Tory Fenton: Welcome to Rare, the show that introduces you to people who believe food has the power to change the world. We’ve chatted with people all across the food world who bring passion and grit into their work every day. In today’s episode, we’ll look at the changes that have happened in the seafood industry over the past decades as sustainability and responsible fishing practices have become essential for the future of fisheries on both coasts.

ButcherBox’s, Dennis Keohane, first talks with Matt Luck, a long-time Alaskan fisherman and the founder and CEO of Alaska Wild Caught Seafood. They chat about fishing for salmon in Bristol Bay, Alaska the way sustainable fishing practices have been built and to how the Alaskan fishery is run.

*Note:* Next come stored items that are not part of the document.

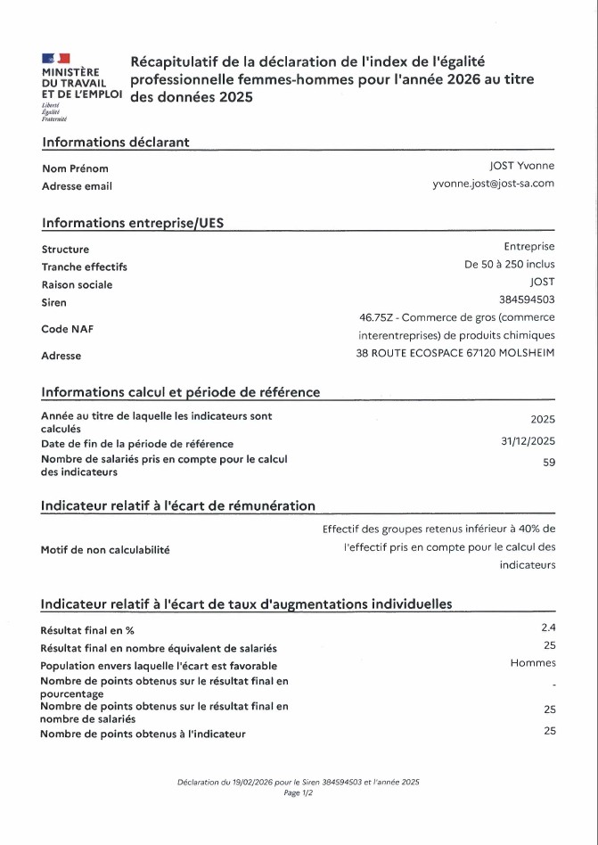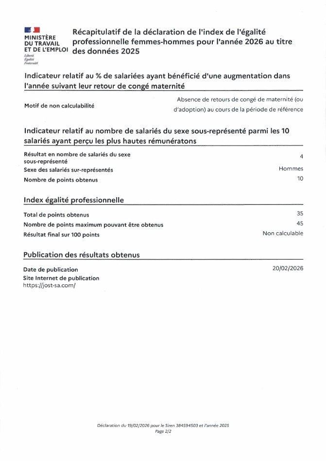 Récapitulatif de l'index de légalité professionnelle femmes-hommes pour l'année 2026 au titre des données 2025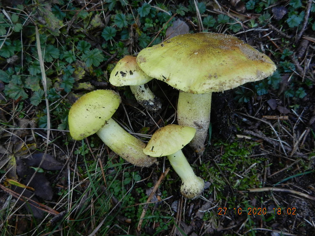 Und eine Kollektion Grüngelber mit ausgesprochen dunkler, schwarz überfaserter Hutmitte und gelblich getönten Lamellen hin zum Hutrand. Nachdem FNE 4 Trich. sejunctum als Pilz aus dem basischen Laubwald kennzeichnet, bleibt dann für diesen Fund als Artname T. viridilutescens übrig: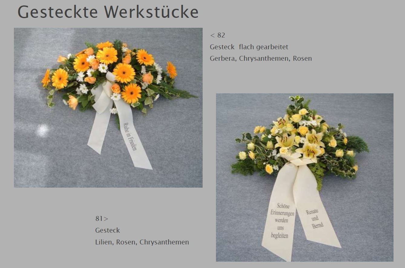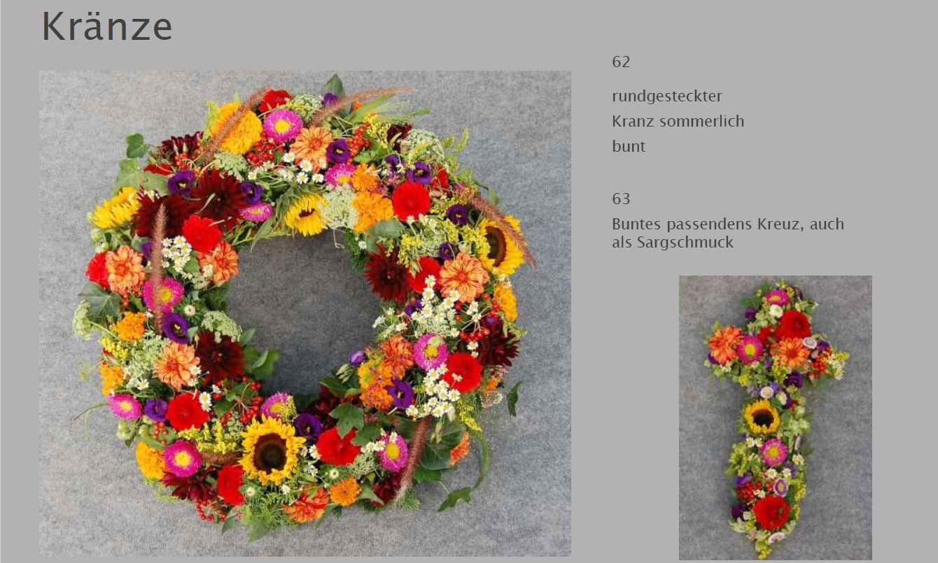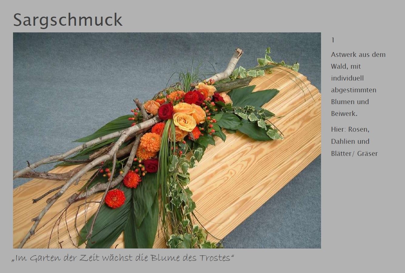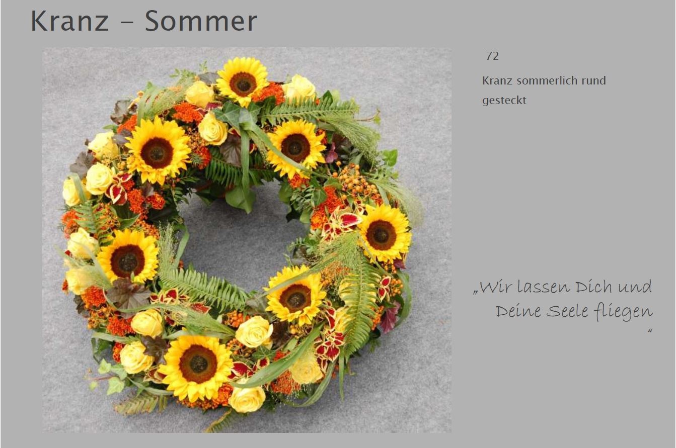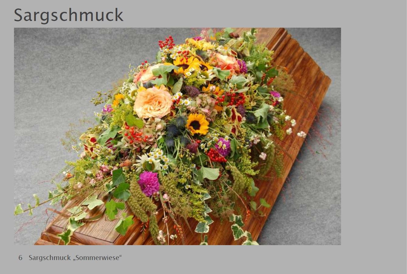 Blumen vermitteln beim Abschied eine besondere Botschaft. Jede Blüte trägt eine Bedeutung: Schönheit, Dank, Erinnerung. Ob als Kranz, Gesteck, großer Sonnenblumenstrauß oder einzelne Rose: Die Trauerfloristik macht jeden Raum warm und würdevoll. Wir helfen Ihnen gern bei der Auswahl. Hier sehen Sie einige Beispiele für Sargschmuck. Auch passende Schleifentexte haben wir für Sie zusammengestellt.

And finally, how family continues to be vital to the fishing community. Next, we head to Portland, Maine and the lobster boat of Curt Brown, a Maine lobsterman and the in-house Marine biologist at Ready Seafood. Dennis and Curt dig into the reasons why science is being incorporated more closely into the lobster industry and the impact the word being done in Maine’s Casco Bay could have on the future.

Lastly, we returned to Matt Luck’s daughter, Meghan, to discuss how the next generation are shaping the future of the fishery and why she left a career in New York to return to the salmon run in Bristol Bay.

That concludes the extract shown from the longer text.